I'm suspecting a scaling problem, so I need to get an idea of the scale of the deployment. If you can think of any other information relevant to deployment scale, please include that too.

Comment 9 Yuri Obshansky 2016-05-22 08:24:44 UTC
That is my fault, I had to provide environment configuration in the bug.
It is HA, baremetal deployment, 3 controller nodes and 6 compute nodes where each is 24 CPUs and 64 G RAM. Volume is 5000 instances
- image: cirros (12.6 MB)
- flavor: m1.nano (1VCPU, 64MB RAM, 1GB Disk)
I was not able remove instances in any way to clean up the environment.
Only reboot all nodes (controllers and computes) released the stacked instances.
As result, I cannot provide the sosreport right now.
The keystone conf and log files attached.

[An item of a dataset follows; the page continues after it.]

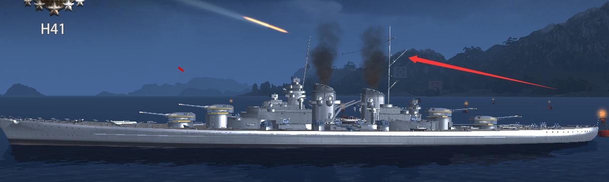 战舰火力特点:四炮战列舰,爆伤穿伤都有提升,目前短时间爆发输出最强的战列舰,高压填装技能使得h41能够在短时间内连射两轮主炮,标准主炮打驱可以同一时间覆盖24颗炮弹(全四联就是32颗)是目前唯一一艘,四炮战舰能够打出五炮火力,同时火力输出还远超五炮战列舰的德战精英,不论是巨舰对轰还是炮击小皮艇,都能有不错的表现。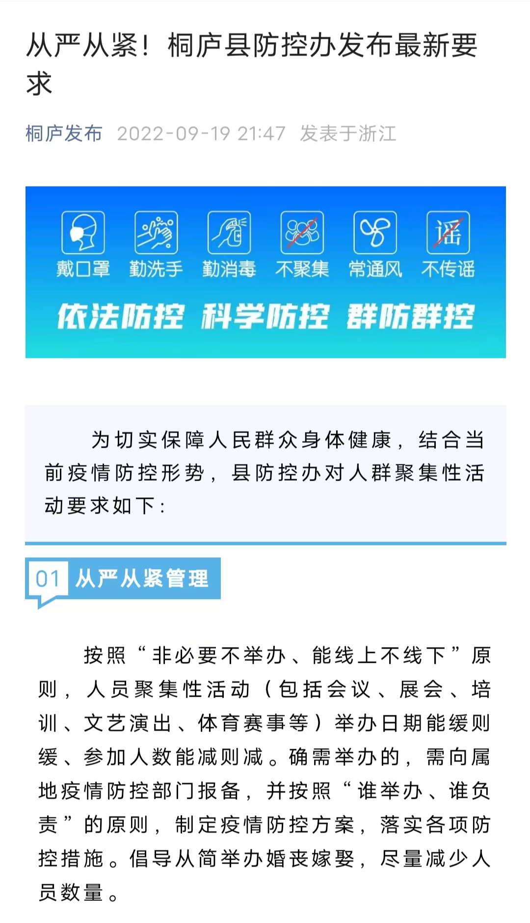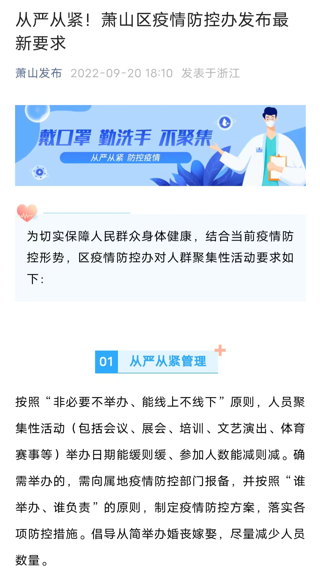 为切实保障人民群众身体健康,结合当前疫情防控形势,区疫情防控办对人群聚集性活动要求如下:

Comment 10 Yuri Obshansky 2016-05-22 08:25:18 UTC
Created attachment 1160273 [details]
Keystone conf file

Comment 11 Yuri Obshansky 2016-05-22 08:25:46 UTC
Created attachment 1160274 [details]
Keystone log file

Comment 12 Matthew Booth 2018-01-08 13:37:59 UTC
Clearing out old bugs.

From looking at the keystone logs it seems that the original supposition was correct. I think a RequestTimeout is an appropriate return code under these circumstances.